#### Listed entries

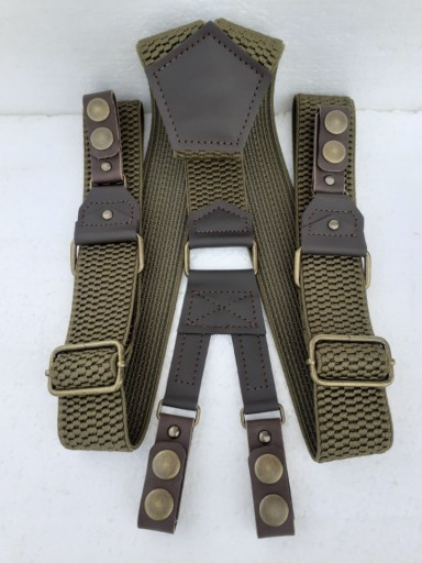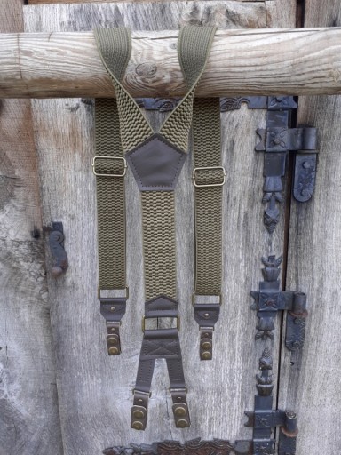 WYKONANE Z DOBREJ JAKOŚCIOWO GUMY SZELKOWEJ.POSIADAJĄ REGULACJĘ DŁUGOŚCI A SOLIDNE SZLUFKI DOBRZE UTRZYMUJĄ SPODNIE NA PASKU.WSTAWKI WYKONANE SĄ Z WYSOKO GATUNKOWEJ SKÓRY LICOWEJ KOLORU BRĄZOWEGO DZIĘKI TEMU SZELKI BĘDĄ SŁUŻYŁY PRZEZ DŁUGI CZAS.STARE ZŁOTO KOLOR METALOWYCH RAMEK,NAPY,NITÓW,REGULATORÓW.GUMA SZELKOWA BRĄZOWA SZEROKA NA 4 CM.ROZCIĄGAJĄCA SIĘ NA 170 CM.SZLUFKI SKÓRZANE PASUJĄ NA SZEROKOŚĆ PASA OD 3 CM DO 4 CM.
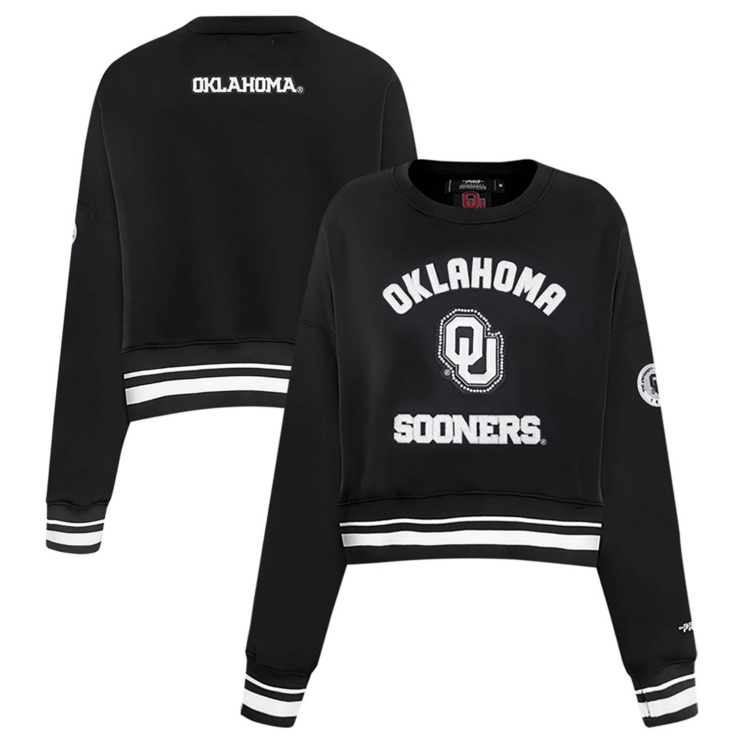 Show off your Oklahoma Sooners pride in this Pearl Cropped Pullover Sweatshirt from Pro Standard Chenille patches and a pearl-detailed logo add a touch of elegance making it a standout piece for fans Fleece lining delivers extra warmth while the dropped shoulders and cropped hem create a trendy look that elevates your Oklahoma Sooners style
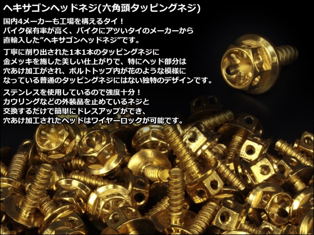 M5×16mm フラワーヘッドネジ タッピングネジ ステンレス 削り出し 六角頭 フランジ ゴールド TC0023 【メール便可】
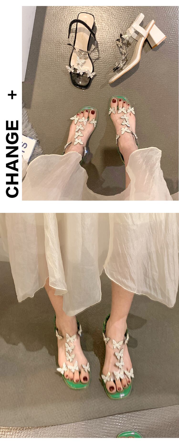ローマのサンダルレディース2022年夏の新しい透明なラインストーンの厚いヒールのファッションオールマッチの妖精スタイルのレトロなハイヒール 靴 シューズ サマー 夏物 jxjxf86727227376
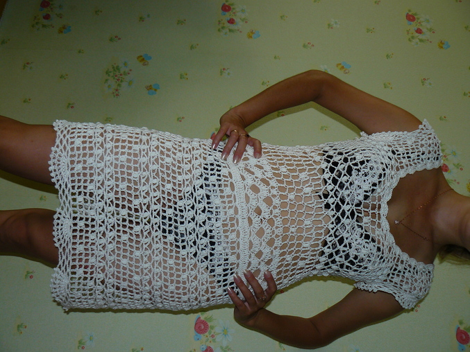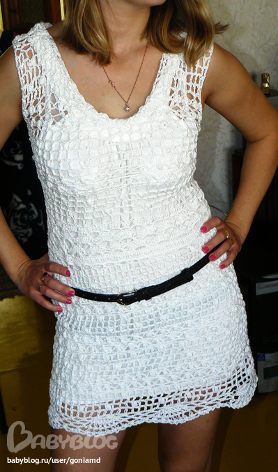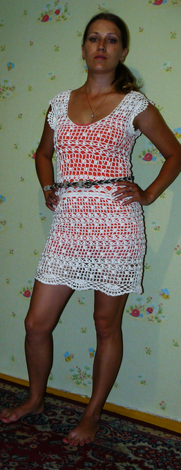 Я тоже из совсем начинающих-это моё первое платье,только всё обвязку не сделаю..дочь ни как не даёт)))Сначала связала образец,постирала его,убедилась,что нитки подходящие,хлопок у меня.Вязала снизу вверх по кругу,набрала на себя 140 петель по моему,связав немного вверх,может один рапорт,перевернула вязание,привязала нитку к низу платья и связала обвязку,затеп продолжила вязать вверх,убавок,прибавок я не делала.В верху,разделила вязание на перёд и зад,когда вязала делала пару прибавок и на спине и на груди,прибавки легко делать на квадратиках,просто в одну и ту же петлю провязывала два квадратика,а не один.В области проймы тоже разделила,сначала одну половинку немного не довязывая в середине,чтоб сформировать вырез,потом вторую половинку,затем довязала спинку,тоже делала прибавки,т.к узковато получилось.Сшила плечевые швы я их верней скрепила друг с друго столбиками без накида))ну и пока всю,обвязку делать надо.
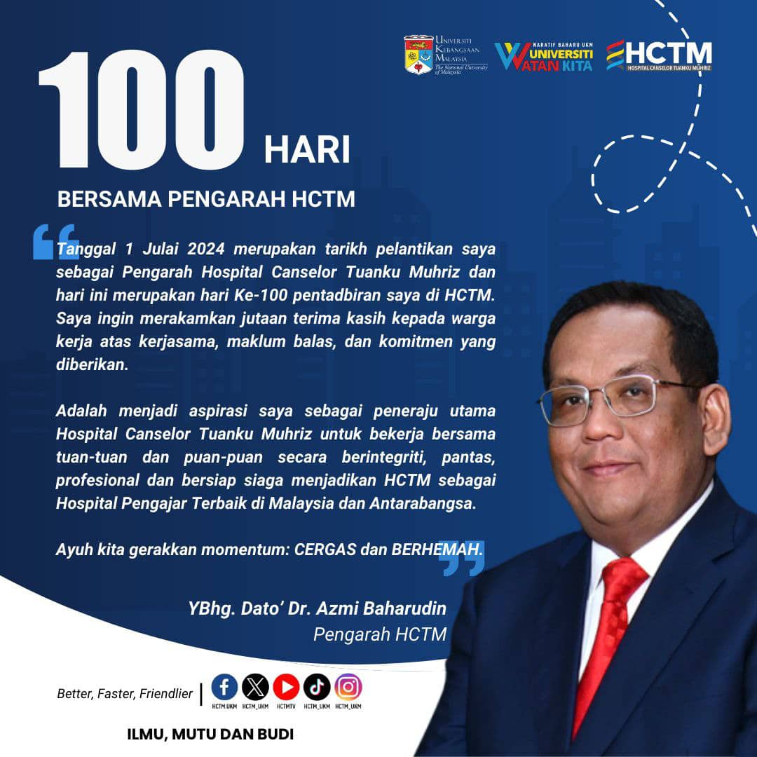 Turut hadir sama YBhg. Dato’ Dr. Azmi Baharudin, Pengarah HCTM, Prof. Madya Dr. Jamari Sapuan, Timbalan Pengarah (Perkhidmatan Surgeri), Dr. Zairul Azwan Mohd Azman, Timbalan Pengarah (Perkhidmatan Perubatan), Encik Mursidi Mursidi Ahamad, Timbalan Pengarah Pentadbiran, Puan Wan Omi Wan Yussop, Ketua Jabatan Kewangan, dan Puan Masrifah Zakaria, Ketua Jabatan Perkhidmatan Kejururawatan.

########

Exercise goal:
Output the complete listing exactly. Pictures stay out.

Completed task:
 WYKONANE Z DOBREJ JAKOŚCIOWO GUMY SZELKOWEJ.POSIADAJĄ REGULACJĘ DŁUGOŚCI A SOLIDNE SZLUFKI DOBRZE UTRZYMUJĄ SPODNIE NA PASKU.WSTAWKI WYKONANE SĄ Z WYSOKO GATUNKOWEJ SKÓRY LICOWEJ KOLORU BRĄZOWEGO DZIĘKI TEMU SZELKI BĘDĄ SŁUŻYŁY PRZEZ DŁUGI CZAS.STARE ZŁOTO KOLOR METALOWYCH RAMEK,NAPY,NITÓW,REGULATORÓW.GUMA SZELKOWA BRĄZOWA SZEROKA NA 4 CM.ROZCIĄGAJĄCA SIĘ NA 170 CM.SZLUFKI SKÓRZANE PASUJĄ NA SZEROKOŚĆ PASA OD 3 CM DO 4 CM.
 Show off your Oklahoma Sooners pride in this Pearl Cropped Pullover Sweatshirt from Pro Standard Chenille patches and a pearl-detailed logo add a touch of elegance making it a standout piece for fans Fleece lining delivers extra warmth while the dropped shoulders and cropped hem create a trendy look that elevates your Oklahoma Sooners style
 M5×16mm フラワーヘッドネジ タッピングネジ ステンレス 削り出し 六角頭 フランジ ゴールド TC0023 【メール便可】
ローマのサンダルレディース2022年夏の新しい透明なラインストーンの厚いヒールのファッションオールマッチの妖精スタイルのレトロなハイヒール 靴 シューズ サマー 夏物 jxjxf86727227376
 Я тоже из совсем начинающих-это моё первое платье,только всё обвязку не сделаю..дочь ни как не даёт)))Сначала связала образец,постирала его,убедилась,что нитки подходящие,хлопок у меня.Вязала снизу вверх по кругу,набрала на себя 140 петель по моему,связав немного вверх,может один рапорт,перевернула вязание,привязала нитку к низу платья и связала обвязку,затеп продолжила вязать вверх,убавок,прибавок я не делала.В верху,разделила вязание на перёд и зад,когда вязала делала пару прибавок и на спине и на груди,прибавки легко делать на квадратиках,просто в одну и ту же петлю провязывала два квадратика,а не один.В области проймы тоже разделила,сначала одну половинку немного не довязывая в середине,чтоб сформировать вырез,потом вторую половинку,затем довязала спинку,тоже делала прибавки,т.к узковато получилось.Сшила плечевые швы я их верней скрепила друг с друго столбиками без накида))ну и пока всю,обвязку делать надо.
 Turut hadir sama YBhg. Dato’ Dr. Azmi Baharudin, Pengarah HCTM, Prof. Madya Dr. Jamari Sapuan, Timbalan Pengarah (Perkhidmatan Surgeri), Dr. Zairul Azwan Mohd Azman, Timbalan Pengarah (Perkhidmatan Perubatan), Encik Mursidi Mursidi Ahamad, Timbalan Pengarah Pentadbiran, Puan Wan Omi Wan Yussop, Ketua Jabatan Kewangan, dan Puan Masrifah Zakaria, Ketua Jabatan Perkhidmatan Kejururawatan.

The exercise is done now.